When she took over from Theresa May as home secretary, Rudd boasted she would introduce even harsher immigration policy. Although she has finally pledged to grant British citizenship to the Windrush generation, it’s not been enough to keep the lid on abhorrent home office policies.

On 25 April, Labour’s Yvette Cooper stated that the home office had “internal enforcement targets” which had been “increasing every year”.  It emerged that immigration officers are encouraged to look for “easy” targets, also known as “low-hanging fruit”. Rudd denied any knowledge about this policy. She called it “extraordinary”:

Read on...

On 26 April, Rudd was called back to the Commons to answer an urgent question from Labour’s Diane Abbott. Because despite her previous denial, Home Office documents from 2015 revealed that there were targets in place to remove migrants.

Many took to Twitter to highlight Rudd’s equal measures of audacity and ineptitude:

While others have claimed that Rudd lied:

https://twitter.com/Far_Right_Watch/status/989465462185570304

11 more Tory whoppers…

But the Rudd debacle is just the latest in a long line of Conservative whoppers.

1. For a start, May insisted at least five times that she wouldn’t call an early general election. This, obviously, was before she called the snap general election in 2017. But she didn’t stop there.

2. May promised that “everybody affected” by the Grenfell Tower tragedy in 2017 would be offered a new home within “three weeks”, but this didn’t happen.

3. At prime minister’s questions (PMQs) on 13 December, May used inaccurate and “misleading” figures about homelessness.

4. On 21 March, Theresa May faced a direct question about Conservative Party links to Cambridge Analytica and its parent company Strategic Communications Laboratories Group (SCL). She completely failed to acknowledge the long list of Tory links to SLC.

5. Labour Leader Jeremy Corbyn reminded May that she’d failed in her promise to support working families.

6. And let’s not forget May’s explicit involvement in the current Windrush tragedy:

7. Alongside his appalling (often racist) ‘gaffes‘, foreign minister Boris Johnson has frequently shown utter disregard for fact-checking.

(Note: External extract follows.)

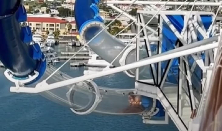 A mulher ficou presa em uma das curvas do brinquedo transparente, quando tentava chegar à piscina..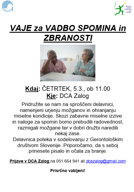 Vaje za vadbo spomina in zbranosti Post author:Anja Novak Post published:23. februarja, 2026 Post category:Kaj nas čaka You Might Also Like Podelitev priznanj prostovoljcem DCA Zalog 12. marca, 2026 Kolesarjenje, 2. 4. 2026 24. marca, 2026 Gokhale metoda 23. februarja, 2026

Most recently, he stated that experts from Porton Down were “absolutely categorical” that Russia was the source of Novichok – the nerve agent that poisoned Sergei Skripal and his daughter Yulia in March. Turns out this wasn’t true. But Johnson managed to pin the blame on Corbyn for his own inaccuracies.

8. Health minister Jeremy Hunt made false claims about mental health.

9. He also claimed the Tories set up the NHS.

10. And Hunt also breached parliamentary money laundering rules when he “forgot” to report the purchase of seven luxury flats.

11. And then there’s Brexit secretary David Davis’s ‘bluffs’ about Brexit:

Need we go on any further?

“Liar Liar”

There’s been so much Tory meddling with the truth recently that people have asked Captain Ska to re-release the Liar Liar song:

If they weren’t running the country, the blurred lines between truth and fact might almost be funny. Like an extended episode of Yes Minister, or Spitting Image perhaps. But the actual truth is that it’s not funny at all. Far from it.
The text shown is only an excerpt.